The combination of a slimline heatsink and low fan speed means that the heat produced by the HD 4850 gets trapped in the casing, and we concluded our original review by saying: "We’d give the HD 4850 the nod on this one despite its toasty hotness."
Gigabyte has decided that the cooling package on the HD 4850 could stand some improvement and the result is the GV-R485MC-1GH, which is passively cooled. The model code breaks down thus: GV for Gigabyte VGA; R485 denotes a Radeon HD 4850; MC stands for Multi-Core cooling; and 1GH refers to the 1GB of memory.
You can see an animation that explains the Multi-Core Cooling feature here, but our photos should make things clear enough.
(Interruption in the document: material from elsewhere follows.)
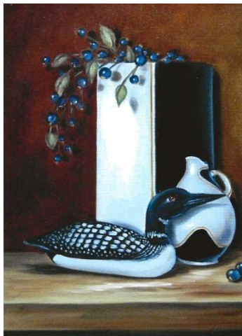
6 hours - Carol Hoffman "Blue Berries & Loon"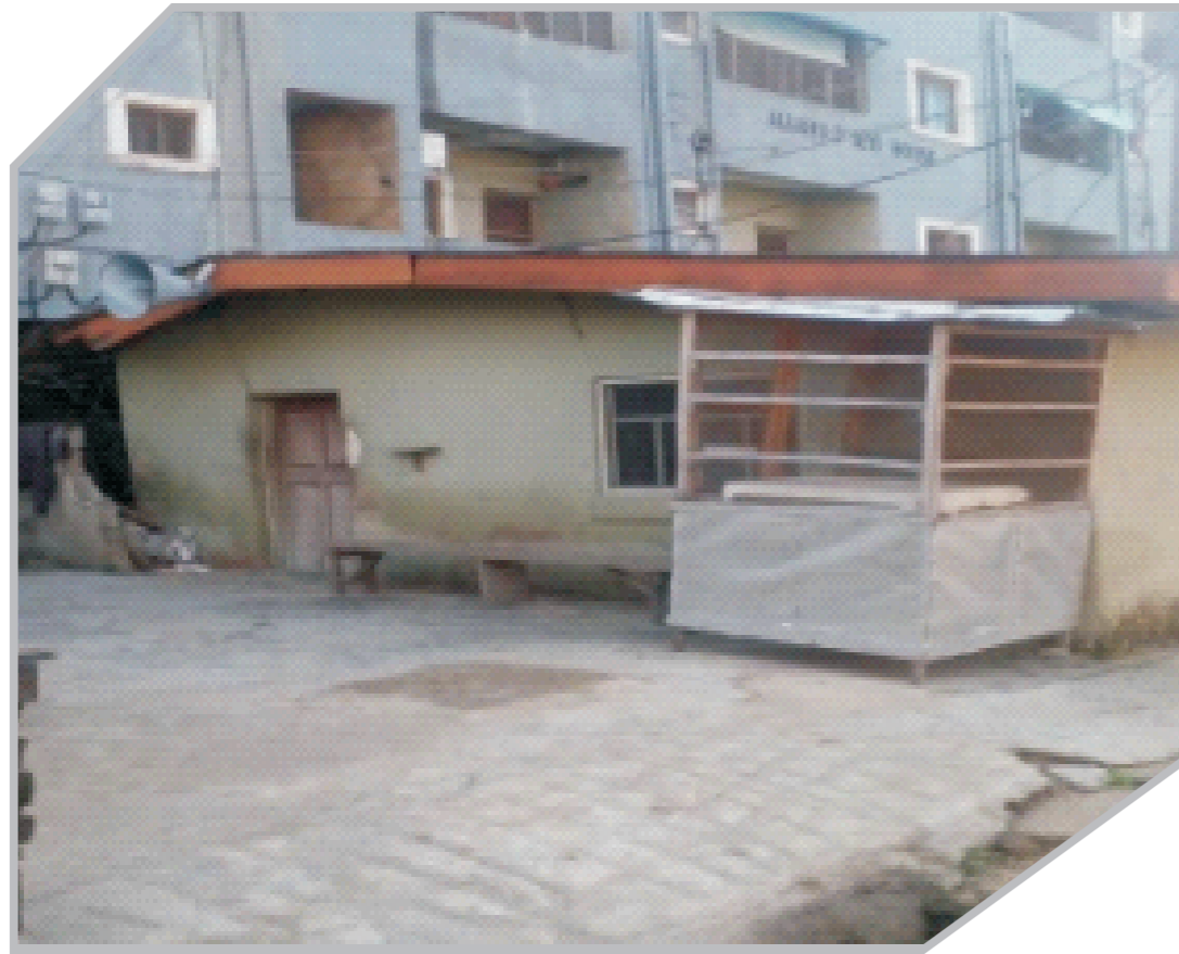
AHMADIYA MUSLIM JUMAT OF NIGERIA MOSQUE 1 ELEJI STREET, ABULE IJESHA.

...with some serious metal for passive cooling
One cooling core sits directly on top of the GPU, and there are two more cooling cores which are each connected to the main core by a pair of heatpipes. These cooling cores are quite sizeable affairs so Gigabyte has used a dual-slot design which means that this HD 4850 has a packaging envelope that's similar to an HD 4870. One of the coolers projects through the mounting bracket by a few millimetres but this looks like a means of supporting the cooler rather than a way of shedding heat into the air at the rear of the case.
COMMENTS
Doh!!!
The heat should be vented **out** of the case and **not into** the case!
@Steven Walker
The 'damn good value at £125' comment refers to a reference Radeon HD 4850
The verdict and review deal with the passively cooled Gigabyte
@Simon Brown
I've an old NVidia 7600 fanless that will do that for you, and more, on two monitors -- installing that in a DAW is a pointless waste of power for the uses you state...
@Ken
The power figures are for the whole system apart from the display, and not just the graphics card
Points of order
1) An Accelero S1 gives better cooling, much better than the crap stock cooler, so contrary to what this review says it is eminently possible to passively cool a 4850 with great benefit both to temperatures and noise.
2) As others have said there are plenty reasons to want a silent graphics card, even aside from the fact that stock graphics coolers are frequently the loudest part of any moderately powerful system. Some of us like our PC's to be as quiet as possible regardless of their application. If you can tolerate noisy components then lucky you - some of us can't.
3) Gigabyte probably slowed the RAM down on this card because they haven't bothered cooling it properly, and the RAM on 4850s under load gets very hot indeed.